California Blew $180 Million Giving Inmates Tablets — And Death Row Is Using Them for Porn

California spent $180 million of your tax dollars to hand out 90,000 tablets to prison inmates under the banner of "digital equity" and "rehabilitation." The stated goal was education, family communication, and reentry preparation. The actual result? Convicted murderers watching pornography on death row. Because of course that's what happened. It's California.

Taxpayer-funded iPads for prisoners — because apparently cable TV, three meals a day, and a gym membership weren't enough.
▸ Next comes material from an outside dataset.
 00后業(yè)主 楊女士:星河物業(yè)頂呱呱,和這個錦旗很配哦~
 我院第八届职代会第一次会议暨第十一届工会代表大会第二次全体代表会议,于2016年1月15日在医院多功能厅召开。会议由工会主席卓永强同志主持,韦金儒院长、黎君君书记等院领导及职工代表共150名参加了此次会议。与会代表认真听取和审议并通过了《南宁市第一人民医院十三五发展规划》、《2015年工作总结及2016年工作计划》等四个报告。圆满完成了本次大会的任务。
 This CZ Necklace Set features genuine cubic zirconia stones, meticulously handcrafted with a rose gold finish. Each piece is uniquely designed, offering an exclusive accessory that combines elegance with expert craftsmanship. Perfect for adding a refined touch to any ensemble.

The Gateway Pundit reports that the state's multimillion-dollar tablet program, sold to the public as a way to connect prisoners to educational resources and the outside world, has been thoroughly hijacked. Inmates at the state prison in Stockton — including those on death row — have figured out how to bypass the devices' built-in security controls and are using them to access pornography, send nude images, and generally treat their taxpayer-funded electronics like a frat house laptop.

Robert Maury, a serial rapist and killer who murdered at least three women in the 1980s and currently sits on death row at the Stockton facility, told the California Post that "inmates can evade security controls on the devices." He described inmates using the tablets' video chat function to have outside contacts display pornography on a television, effectively allowing prisoners to "put porn on their TV" through a loophole the state apparently never thought to close.
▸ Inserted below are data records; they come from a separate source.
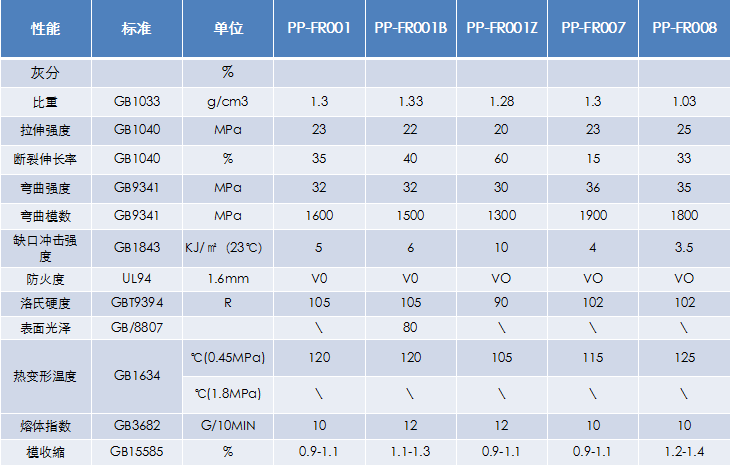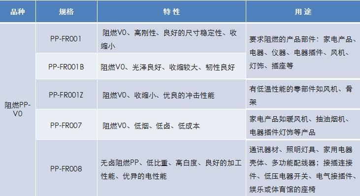 牌號(hào):PP-FR001、PP-FR001B、PP-FR001Z、PP-FR007、PP-FR008
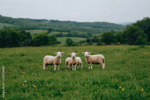 Three sheep are standing in a grassy field
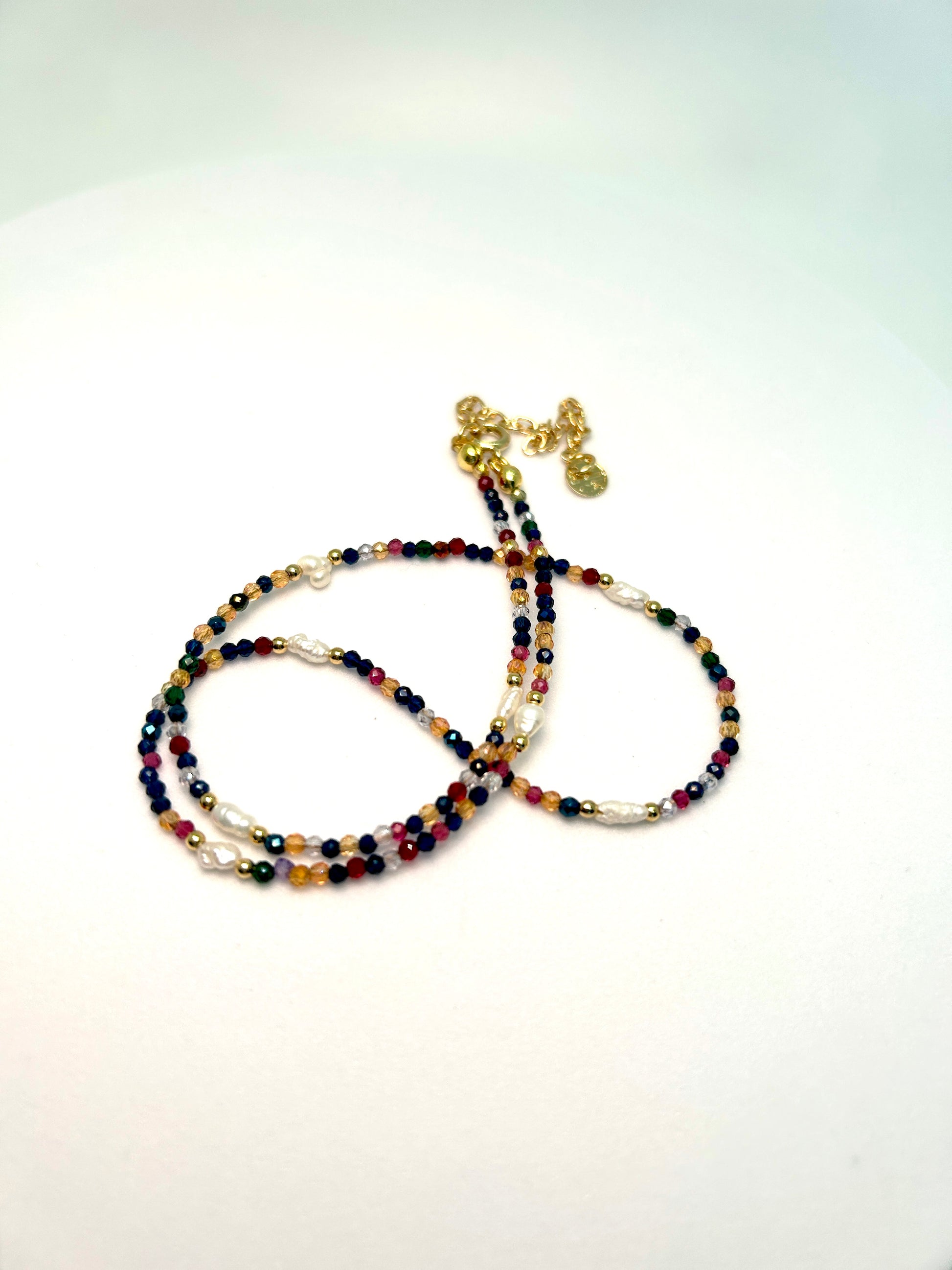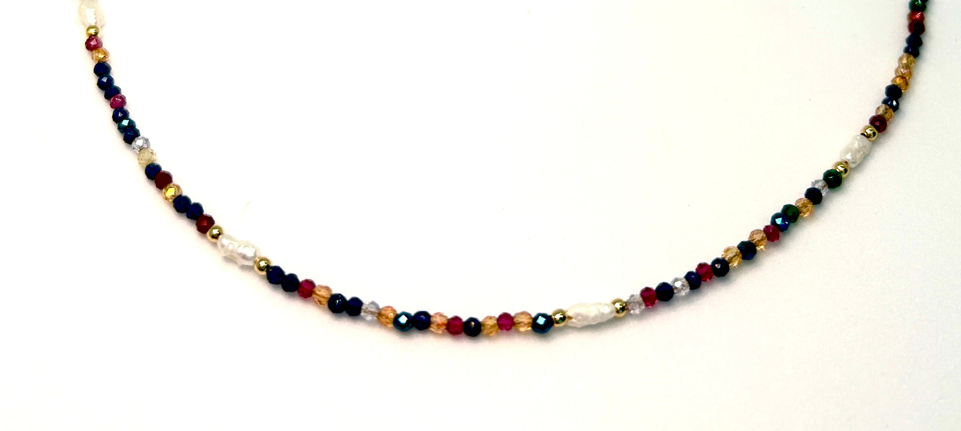 Bella y delicada gargantilla de cristales de colores de 2 mm y perlas. Medida 36 cm +7cm de extensión.
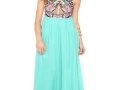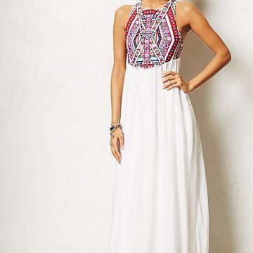 歐洲夏裝新款時尚民族風印花拼接純色拖地吊帶T臺秀長裙 /
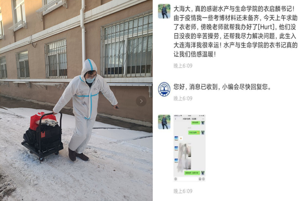 封校的通知来的紧急,他了解到许多同学的学习资料都在校内实验室,衣启麟收集了大家具体的需求,开始了“搜楼”行动。雪天路滑,空旷的校园里更寒风刺骨。“第一天去帮大家取电脑忘记戴手套了,手都冻麻了”,说这话的时候衣启麟的语气很平淡,“当时只想着赶紧把电脑给考博的学生给送去”。对他来说,别耽误学生的学习进度,是第一位的。学生们都说:“特别特别感谢衣书记,考博的材料上交马上就到截止日期了,是他及时为我们取到电脑,才有机会把材料交上去。”
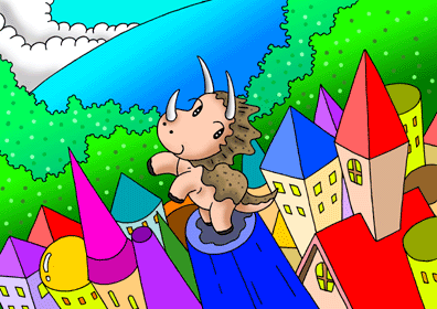 本日のテーマ 恐竜キャラクター塗り絵 シリーズ.9 「街を眺める剣竜」
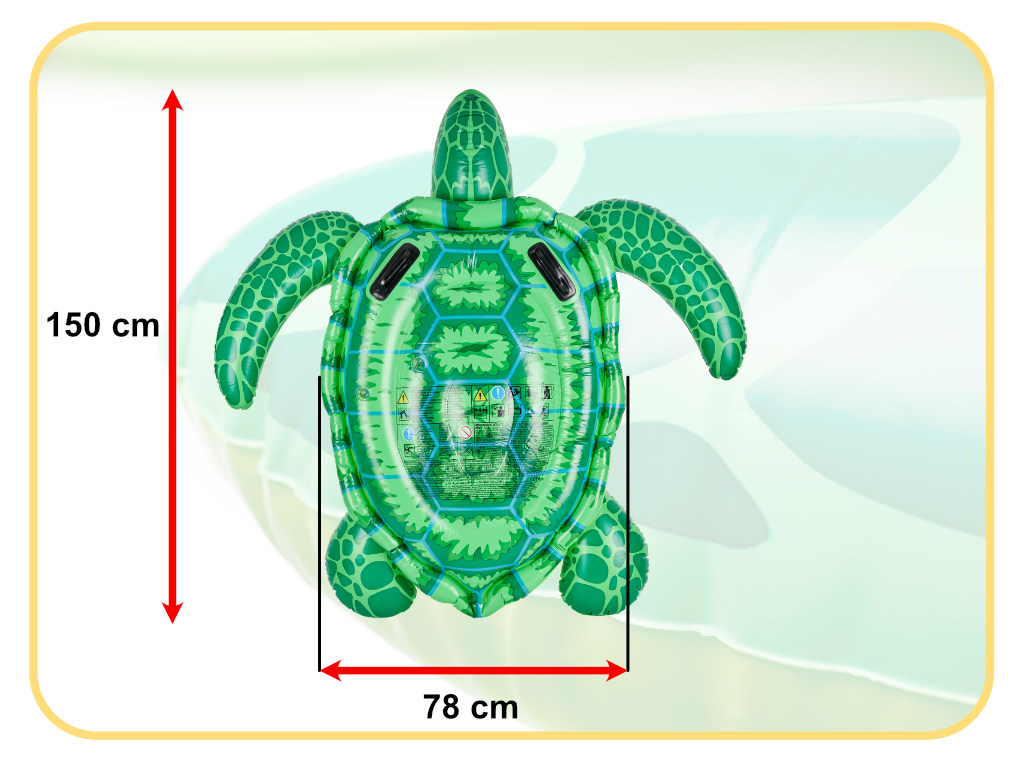 Rovnako ako náš korytnačí matrac miluje vodné kúpele. Je hladný po dobrodružstve a zábave. Čas strávený vo vode ho nikdy neomrzí. Túto korytnačku nie je potrebné kŕmiť. Živí sa len radosťou, ktorá pramení zo zábavy so svojimi majiteľmi. Naša korytnačka je nielen ľahšia ako skutočná korytnačka, ale aj oveľa väčšia. Je dlhá 150 cm a môžete na nej plávať bez obáv, že si ublížite. Vyrobené z odolného PVC materiálu, prežije mnoho fascinujúcich dobrodružstiev.
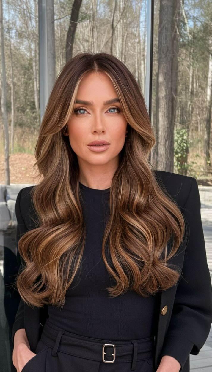 – Caramel & Golden Honey Işıltısı: Karamel balyajlar ve yüz etrafını çerçeveleyen “Golden Honey” tonları, saça ışık katıp doğal bir parlaklık veriyor. Bu yumuşak tonlar, hem sıcak hem de sofistike bir sonbahar tarzına dönüşüyor.

So let's walk through this. California's government — under the enlightened leadership of Governor Gavin Newsom — decided the most pressing issue in the state's prison system wasn't overcrowding, recidivism, or gang violence. It was making sure convicted felons had screen time. They spent $180 million distributing 90,000 devices, and the security was so airtight that a death row inmate is openly bragging to reporters about how easy it is to get around it.
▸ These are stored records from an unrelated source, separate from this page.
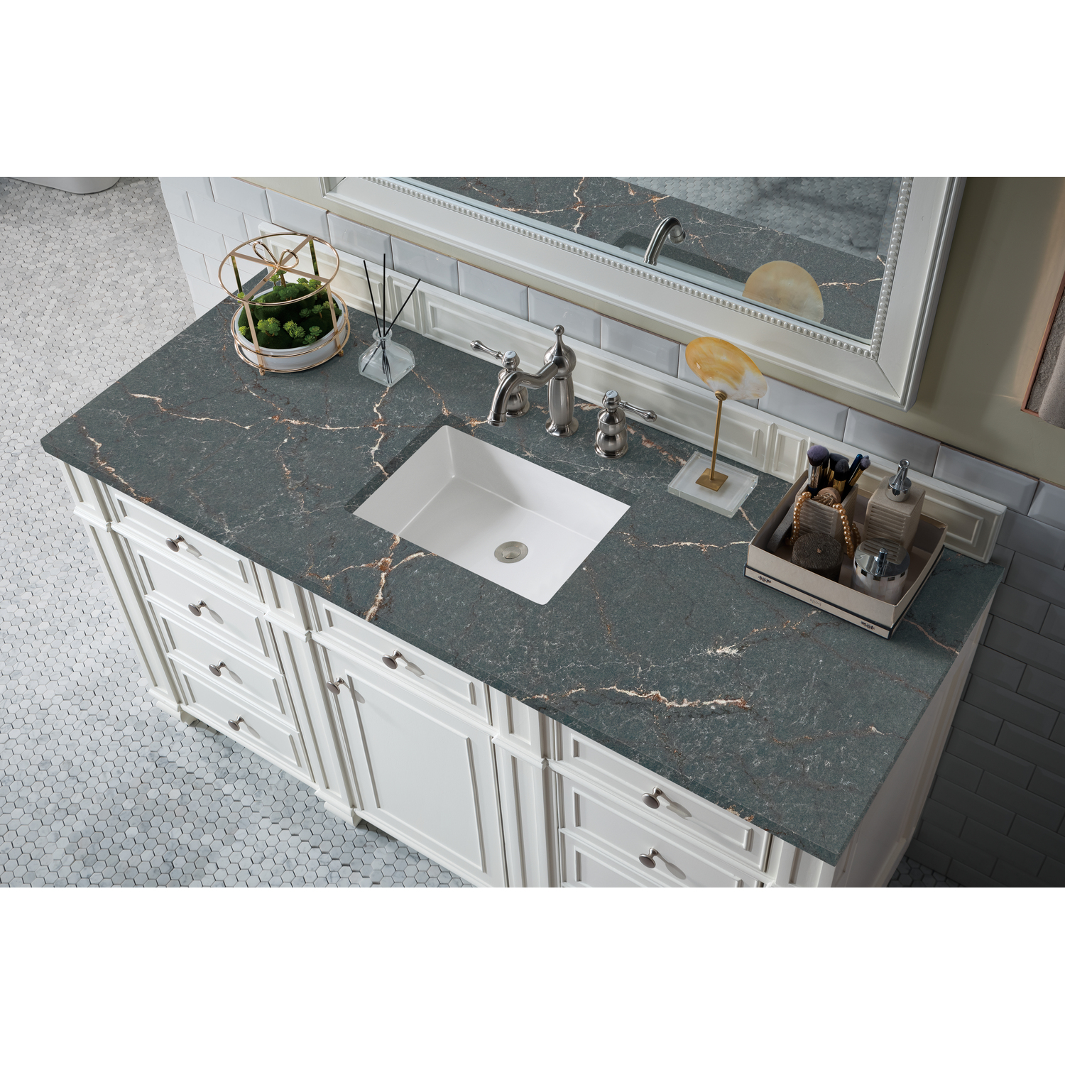 James Martin Bristol 60 inch Single Vanity, Bright White w/ 3 CM Parisien Bleu Quartz Top, 840108967573, 157-V60S-BW-3PBL
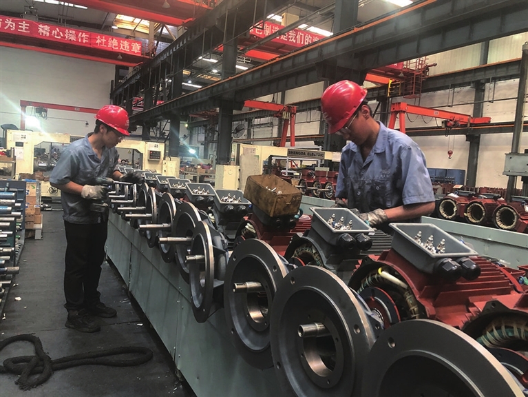 机加工车间里,工人操控机床,进行车、铣、钻加工,完成机壳端盖等各类零部件的生产;冲剪车间里,各种吨位的高速精密压力机,按照设置瞬间“剪裁”出电机的定子铁心和转子片,轰鸣声阵阵;电工车间里,几个工人一组,待自动嵌线机完成排线嵌线后,他们做好绑扎,收拾规整,方便用户使用。
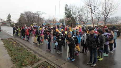 傘のさし方に気をつけながら、班ごとに安全に下校することができました。
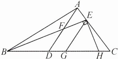 9. 如图,在△ABC中,点D在BC上,点E在AC上,AD交BE于点F。已知EG//AD交BC于点G,EH⊥BE交BC于点H,∠HEG = 55°。
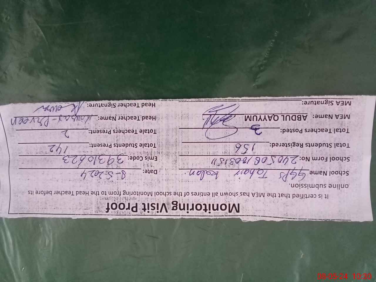 | Attendance Register | Head Teacher | MEA with School | Visit Proof |
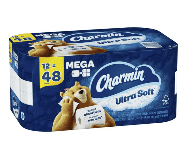 Pack contains 12 Mega Rolls (244 Sheets Per Roll) of Charmin Ultra Soft Toilet Paper
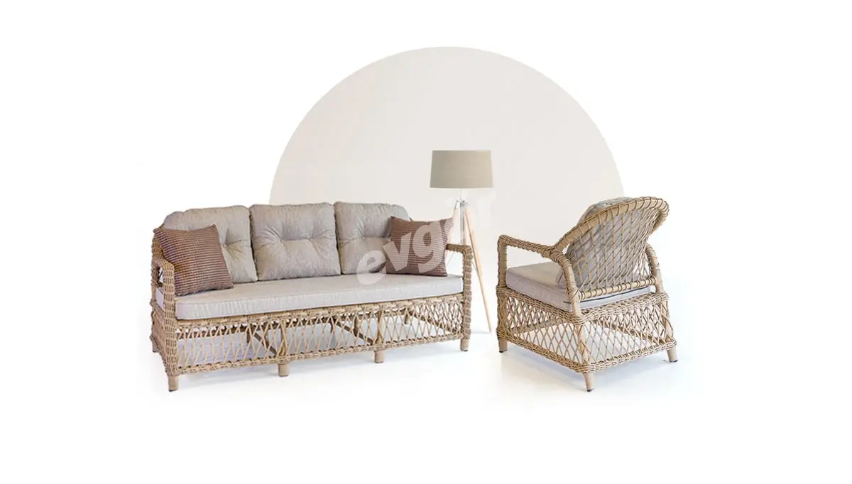 Kullanılan malzemenin örgü kısımları tamamen wintech rattan malzemeden üretilmektedir ve doğal malzeme kullanımı ön plandadır.

This is the same state that can't keep the lights on during a heat wave. The same state that told law-abiding citizens they couldn't buy ammo without a background check. The same state that has actual tent cities lining every freeway on-ramp from San Diego to Sacramento. But sure — making sure a guy who raped and killed three women has a tablet? Top priority.

The "digital equity" program was supposed to help inmates send and receive messages, access educational content, and prepare for life after release. Noble goals, if you ignore the fact that a significant number of these inmates are never getting released. Maury, for example, is on death row. What exactly is his "reentry plan"? A nice LinkedIn profile?

Here's the part that should make every taxpayer in California — and every American whose federal dollars prop up that state — absolutely furious. They didn't just buy these tablets. They bought 90,000 of them. At $180 million. That's $2,000 per device for what is essentially a locked-down Android tablet. Your kid's school probably can't afford new textbooks, but a convicted murderer in Stockton has a screen he can use to watch porn on the state's dime.

And when the security failures came to light? Crickets. No firings. No program suspension. No accountability. Just the same bureaucratic shrug that California has perfected over decades of spending other people's money on programs that sound compassionate and deliver chaos.

This is what happens when government treats criminals better than citizens. $180 million for inmate tablets while the rest of California can't afford rent. Welcome to the Golden State.